## Type system based on epistemic modal logic?

This is something I’ve been mulling over lately, and I’m curious to hear opinions on it and whether there’s any existing research (I couldn’t find any).

Since type systems based on linear logic are receiving more attention lately in Rust and the forthcoming linear types extension for Haskell, I was looking around at different logics to see if they would make a useful basis for type system features in a programming language. I was aware of modal logics, but hadn’t really looked into them since I read From Löb’s Theorem to Spreadsheets a few years ago.

I came across epistemic modal logic, a logic for reasoning about knowledge. That struck me as potentially very useful for distributed data stores, in which different agents (servers) know different things (have different data), and also know things about the things that they and other agents know.

For instance, if a client asks a server for some data, the server may be aware that it doesn’t have the data in question, by the “negative introspection axiom”, ¬Kiφ ⇒ Ki¬Kiφ, if an agent (i) does not know (¬Ki) some fact (φ), then that agent knows (Ki) that it does not know the fact (¬Kiφ). However, it may know that some other agent does know the fact, and can go and fetch it accordingly, or arrange for the other agent to send it directly to the client.

This could incorporate other modalities such as possibility (◊), necessity (□), “everyone knows” (E), “common knowledge” (C), “distributed knowledge” (D). Just brainstorming, I feel like a type system based on these ideas might be able to enforce things like:

• You can only make a synchronous request for some data from a server if that server necessarily has the data and can therefore respond immediately. Pseudocode:

syncRequest (fact : FactID, server : ServerID) : Fact
requires necessarily (server knows fact)
• After you send some data to a server, you know that it possibly knows the data and that you can ask for it asynchronously.

send (fact : FactID, server : ServerID) : ()
ensures possibly (server knows fact)
• Any part of a message (metadata or data) can be lost, and the server can recover or negotiate repair to achieve eventual consistency. (I’m envisioning a sort of Erlang-style “fire and forget” message passing system, for example over UDP.)

• Constraints on server & client knowledge to express tradeoffs between consistency and availability.

I’m just riffing informally here. Let me know your thoughts, or if you can point me to any resources. :)

## Comment viewing options

### Solid idea

I think this is a good idea. Looks like the more-or-less predictable next step in type theory. I.e., lots of it was about 'propositional' interpretations, then came the quantifiers, it seems reasonable to expect that the following ideas will come from modal logic.

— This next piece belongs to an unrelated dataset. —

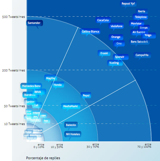 Mapa del posicionamiento de las 75 compañías analizadas en Twitter en base a su nivel de relación con los usuarios (Estudio To Tweet or Not To Tweet sobre la Presencia de las Marcas Españolas en Twitter para Atención al Cliente)

### Here is the basic challenge

Epistemic modal logic is most useful in military applications, where Java rules. Think drones communicating without communicating (e.g. due to signal jamming preventing direct communication and instead relying on pre-defined inference rules to communicate). Good luck.

### Temporal modalities too.

My feeling is that for any useful distributed systems work, you'd need both knowledge and temporal logic operators. Since achieving simultaneous coordination or common knowledge is impossible, the type system should be able to allow the notion of eventual common knowledge.
That is you should be able to say that E(voted_yes) => ◊ Commit

### Time modalities are useful but not needed

From what I’ve been able to find in the literature, you can arrive at eventual common knowledge without an explicit notion of time if you have a protocol for public announcement. Coordination within a fixed time bound is impossible, but in practice it looks like you can safely assume common knowledge if you have some reasonable restrictions that I’d been using anyway.

For instance, in my current implementation of these ideas, I have reliable asynchronous channels, so if a message is sent then it will eventually be received; authenticated agents, so you can trust their assertions; and monotonically growing sets of facts, so the assumption of common knowledge will never be contradicted.

The authentication bit has been interesting to work on. I’m making this system with the notion of trust and compromise built in, so you can express things like “I know that the private key for agent A was compromised a week ago, so invalidate all knowledge that was derived from the assumption that A was trustworthy since then, roll back all the reversible actions that were taken based on that knowledge, give me a list of all the irreversible actions, and tell me exactly which facts were potentially leaked”.